● **EXCERPTED RECORDS**
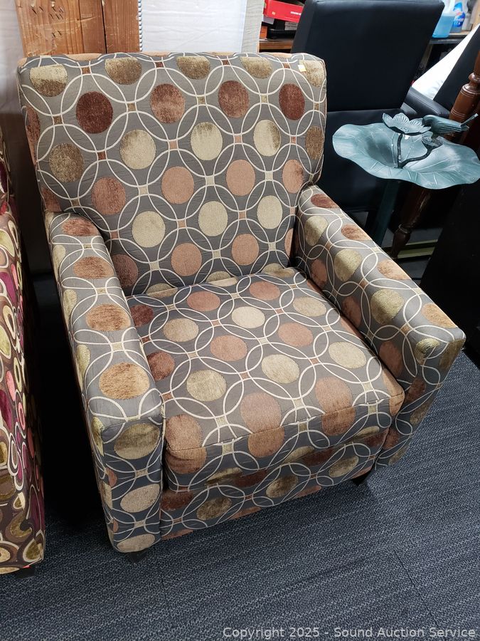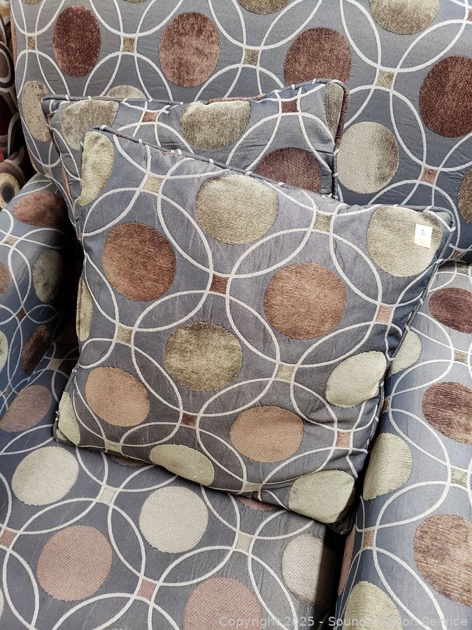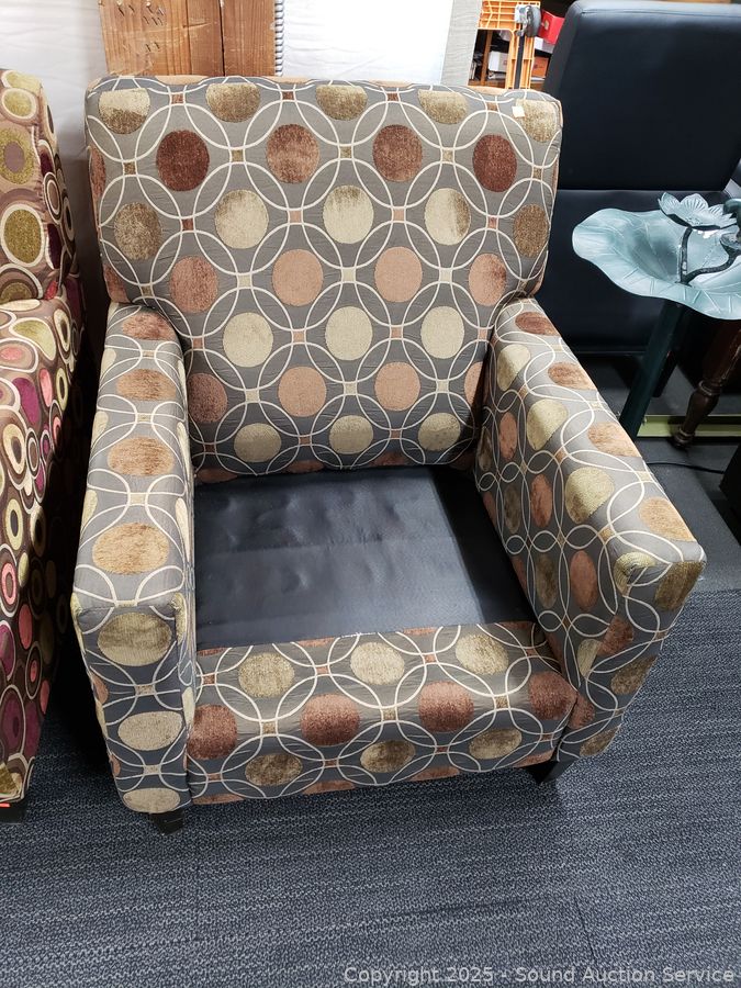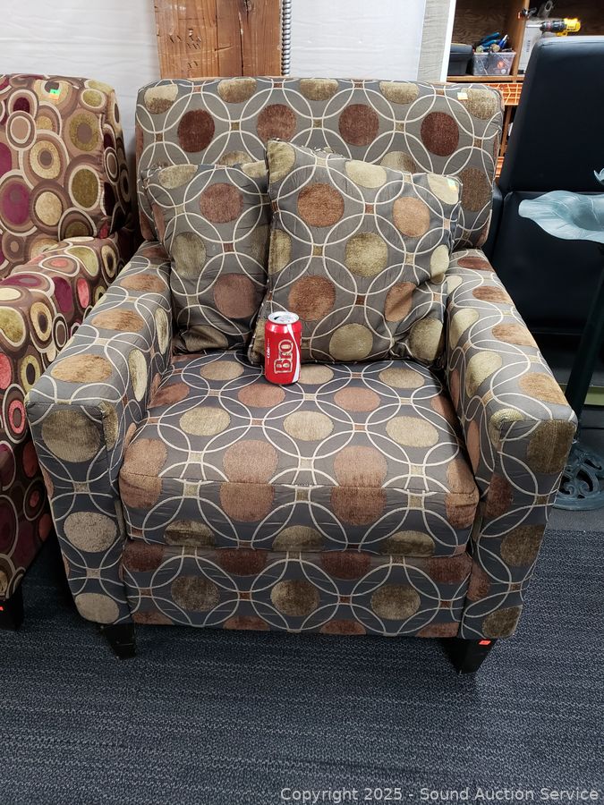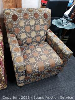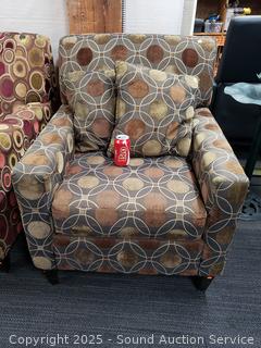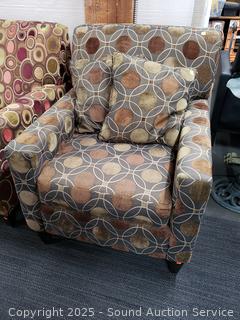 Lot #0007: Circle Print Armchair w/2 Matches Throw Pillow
* * *
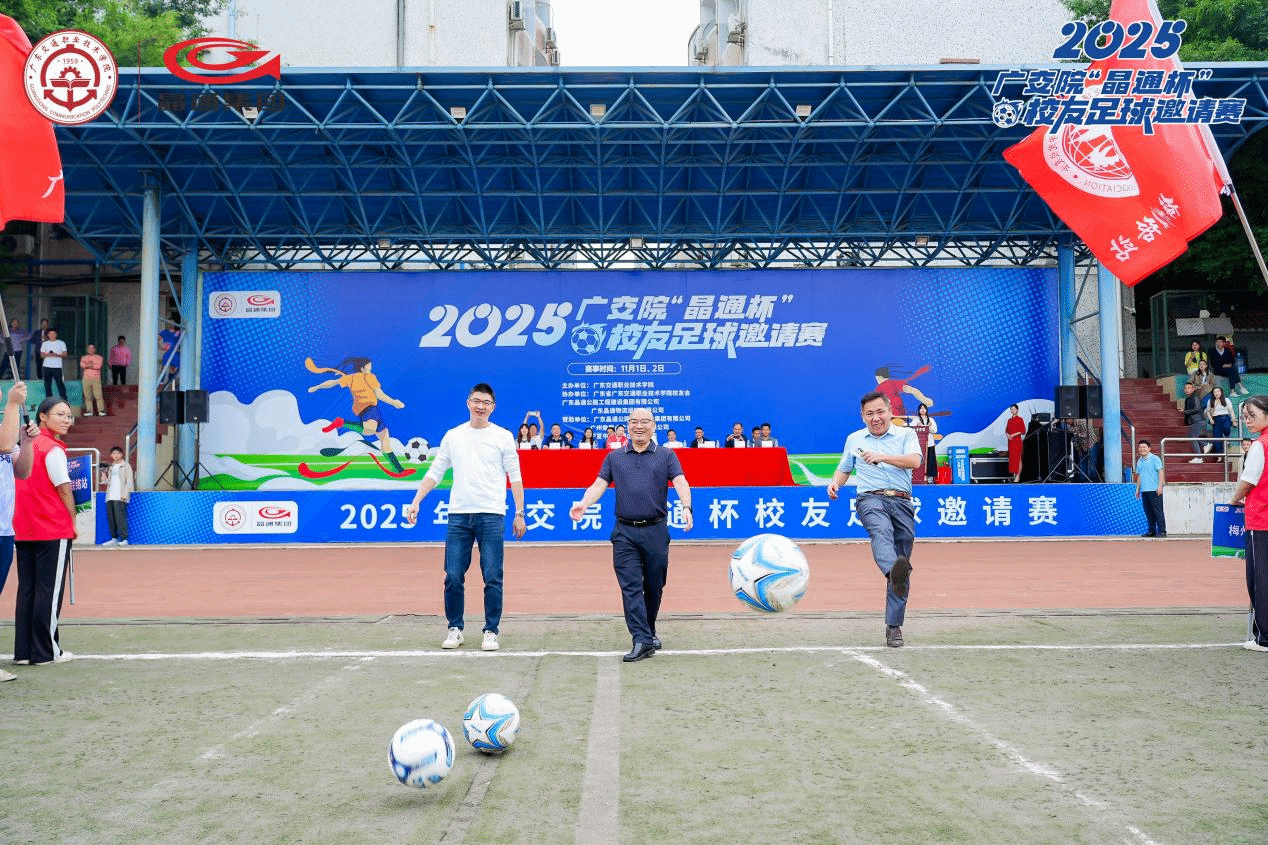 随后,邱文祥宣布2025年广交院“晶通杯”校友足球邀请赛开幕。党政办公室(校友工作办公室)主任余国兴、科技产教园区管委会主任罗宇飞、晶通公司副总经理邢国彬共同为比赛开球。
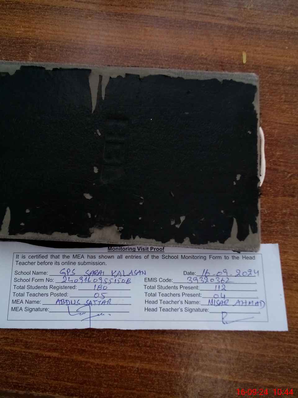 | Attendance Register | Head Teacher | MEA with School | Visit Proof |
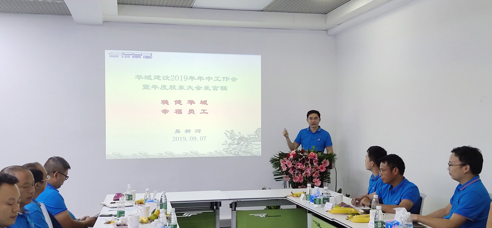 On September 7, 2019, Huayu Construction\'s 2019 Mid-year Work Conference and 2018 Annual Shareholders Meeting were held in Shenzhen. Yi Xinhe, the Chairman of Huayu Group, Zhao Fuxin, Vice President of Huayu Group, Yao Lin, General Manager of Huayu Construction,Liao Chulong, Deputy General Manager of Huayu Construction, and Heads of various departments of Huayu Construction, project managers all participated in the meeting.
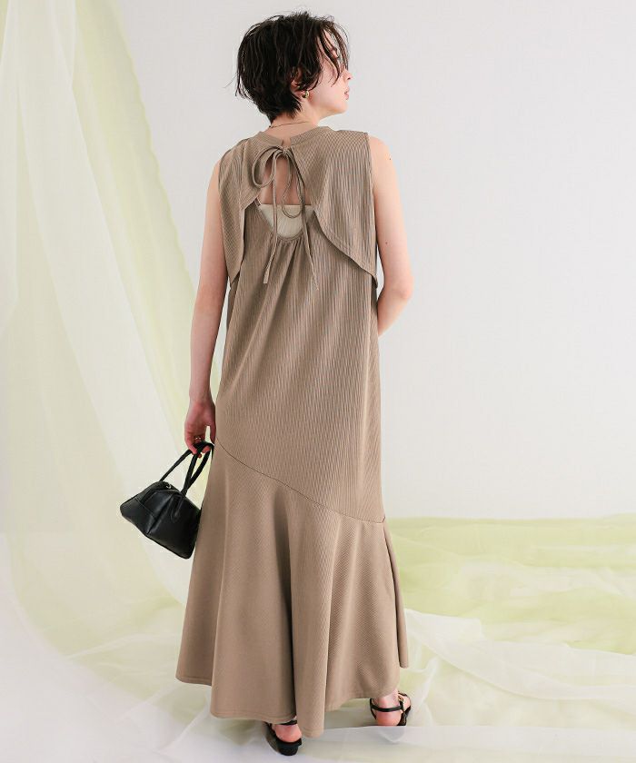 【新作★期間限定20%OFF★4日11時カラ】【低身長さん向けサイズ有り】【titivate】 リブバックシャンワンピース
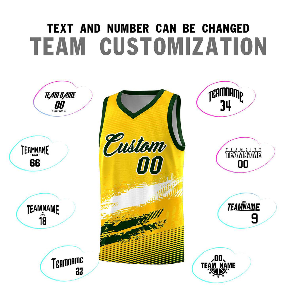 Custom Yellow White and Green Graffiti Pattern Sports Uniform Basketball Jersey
==
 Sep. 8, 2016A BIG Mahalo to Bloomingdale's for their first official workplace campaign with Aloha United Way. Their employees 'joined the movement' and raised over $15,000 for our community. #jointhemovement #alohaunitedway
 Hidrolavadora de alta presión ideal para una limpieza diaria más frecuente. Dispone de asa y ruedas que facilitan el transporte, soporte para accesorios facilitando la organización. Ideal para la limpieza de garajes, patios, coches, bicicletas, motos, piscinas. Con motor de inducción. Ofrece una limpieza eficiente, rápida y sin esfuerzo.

● **EXERCISE GOAL**
The response must hold only the lines above from the line with "Sep. 8, 2016A" through the line with "Hidrolavadora de alta", each copied exactly, both ends kept.

● **WRITTEN RESPONSE**
 Sep. 8, 2016A BIG Mahalo to Bloomingdale's for their first official workplace campaign with Aloha United Way. Their employees 'joined the movement' and raised over $15,000 for our community. #jointhemovement #alohaunitedway
 Hidrolavadora de alta presión ideal para una limpieza diaria más frecuente. Dispone de asa y ruedas que facilitan el transporte, soporte para accesorios facilitando la organización. Ideal para la limpieza de garajes, patios, coches, bicicletas, motos, piscinas. Con motor de inducción. Ofrece una limpieza eficiente, rápida y sin esfuerzo.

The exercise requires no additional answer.